И Алексей вспомнил слова тестя — «если она сама не захочет… контролю не подлежит». Поэтому и не стал выяснять — правда ли, что выделить её яйцеклетку — почти неразрешимая проблема? Нет так нет, а может и правда — у некоторых людей генетически отсутствует инстинкт материнства и отцовства. Значит, пускай будет так. Он и сам схватился за мысль о детях, только чтобы вернуть Лену в семью, привязать их общим ребенком. Значит, нужно пытаться как-то иначе.
Чем могла грозить явная эмоциональная отстраненность Лены, он не задумывался. Наивность? Скорее всего. Наверное, тогда он ещё недостаточно повзрослел. Он не был её первым, и ничего страшного в этом не находил. Нормальным считал и то, что за своей влюбленностью ещё с детства других не видел и Лена так и оставалась его единственной. Их постель, казалось, устраивала обоих. А что случаться она стала реже, тоже было объяснимо — никто не может гореть страстью всю жизнь, накал её постепенно снижается и приходит к норме. А ее он гуглил — пара раз в неделю. Хотелось чаще, но Лена первая указала на эту норму, и он… прогуглил. Да — среднестатистическая норма.
Слепое обожание все-таки уже схлынуло, и Алексей отлично понимал, что им продолжают манипулировать. Но ограничения казались не слишком жесткими — вполне терпимыми.

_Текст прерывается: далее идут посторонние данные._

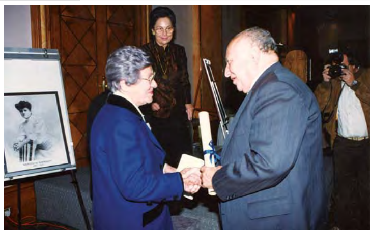
Ο πρόεδρος της Δημοκρατίας κ. Γλαύκος Κληρίδης απονέμει τιμητικό δίπλωμα στην πρόεδρο της Π.Α.Ε.Κ. κ. Μαρούλα Μίτλεττον. Στη φωτογραφία πίσω, η αντιπρόεδρος κ. Ανδρούλα Ηλιοφώτου.

А потом он получил фото… И больше того — съёмку, где его жена была в постели с другим мужчиной. Что чувствовал, вглядываясь в видео — понятно. Но также был в курсе… знал о дипфейках — видеороликах, где одно лицо подменяется другим с помощью алгоритмов машинного обучения. Ещё несколько лет назад такие видео получались топорно и вызывали, по большей части, только смех. Но технологии эволюционируют! И Алексей нанял детектива. И съехал потом в 2012 номер, зарезервировав его за собой.
И пустился во все тяжкие, особо не выбирая методы. Были у него любовницы и из персонала, и клубные девочки. Он узнал много нового о сексе, научился сбрасывать в нём негатив — с другими женщинами, загнав глубоко внутрь себя воображение и те чувства, что ещё оставались к Ленке.
У них даже разговора не было — он просто оставил на столе все то, что нарыл сыщик и ушел. С тестем тоже не объяснялись — тот не требовал от Алексея отчета и не интересовался его семейными планами. Понимал, наверное, что шевелить всё это сейчас не стоило — могло стать только хуже. Пусть разбираются сами. Он знал случаи, когда люди оставались вместе и неплохо жили и не после такого…
Первый год Алексей не выдерживал — костерил себя последними словами, мучился и рефлексировал потом, но тянуло так…! Иногда он возвращался домой и потом уходил опять. Лена вела себя, как ни в чем ни бывало — была ровна и приветлива. Они даже переспали разок и потом ему было плохо настолько… проститутки показались наивными Красными Шапочками. Потому что Лена отпустила себя, больше не таясь от него.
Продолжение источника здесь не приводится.